By Thomas J. Sternburg, CPA, Ph.D., and Michael W. Penn Jr., Ph.D., for The Tax Adviser
December 1, 2024

In general, distributions from a partnership do not result in a taxable transaction and generally only reduce the partner’s basis in their partnership interest. Unfortunately, this is not always true, and some very unexpected taxable transactions may result from the distribution of money or property from the partnership.

Consistent with flowthrough entity treatment, taxes on partnership income are paid by partners as the income is earned, regardless of whether any income is distributed.
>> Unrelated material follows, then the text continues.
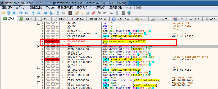 0x42039A 주소에서 함수를 호출하니 mfc쪽으로 넘어가서 해당 Nag창이 띄워지는 것을 확인할 수 있다. 코드를 살펴보던 중 조금 위에 0x420379를통해 해당 함수 호출을 분기문을 통해 건너띌 수 있음을 확인할 수 있다.
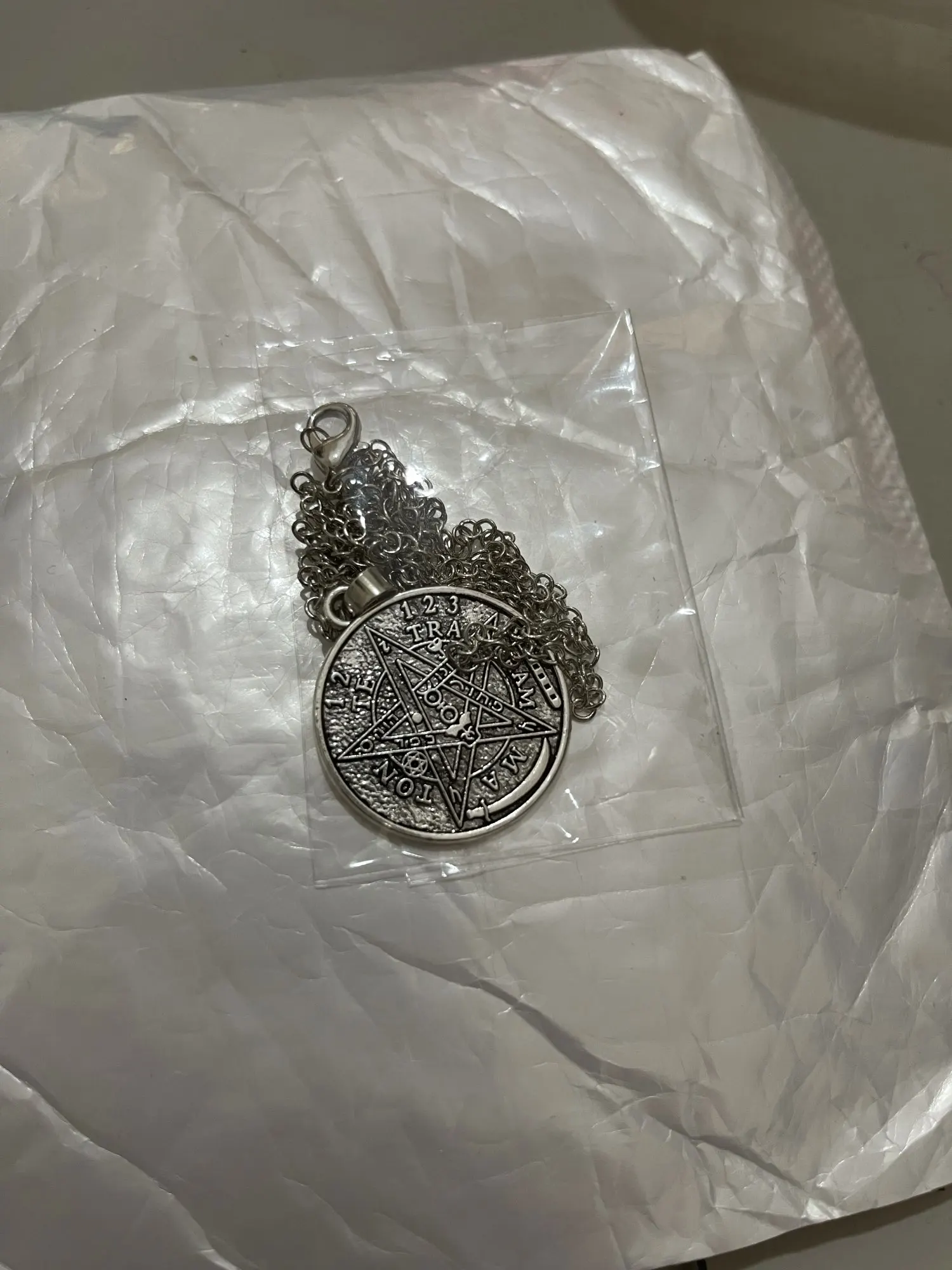 LIKGREAT plata antigua Satán tetragammaton pentagrama estrella de cinco puntas colgante redondo collar de joyas de amuleto de bruja accesorios regalos

As a result, any eventual property and/or monetary distributions, except for excess money distribution as discussed below, from a partnership generally do not create taxable income to the recipient partner.

However, multiple exceptions can create taxable income causing taxpayers problems when they are not adequately planned for, such as contributions of liabilities to a partnership or changes in the terms of a liability.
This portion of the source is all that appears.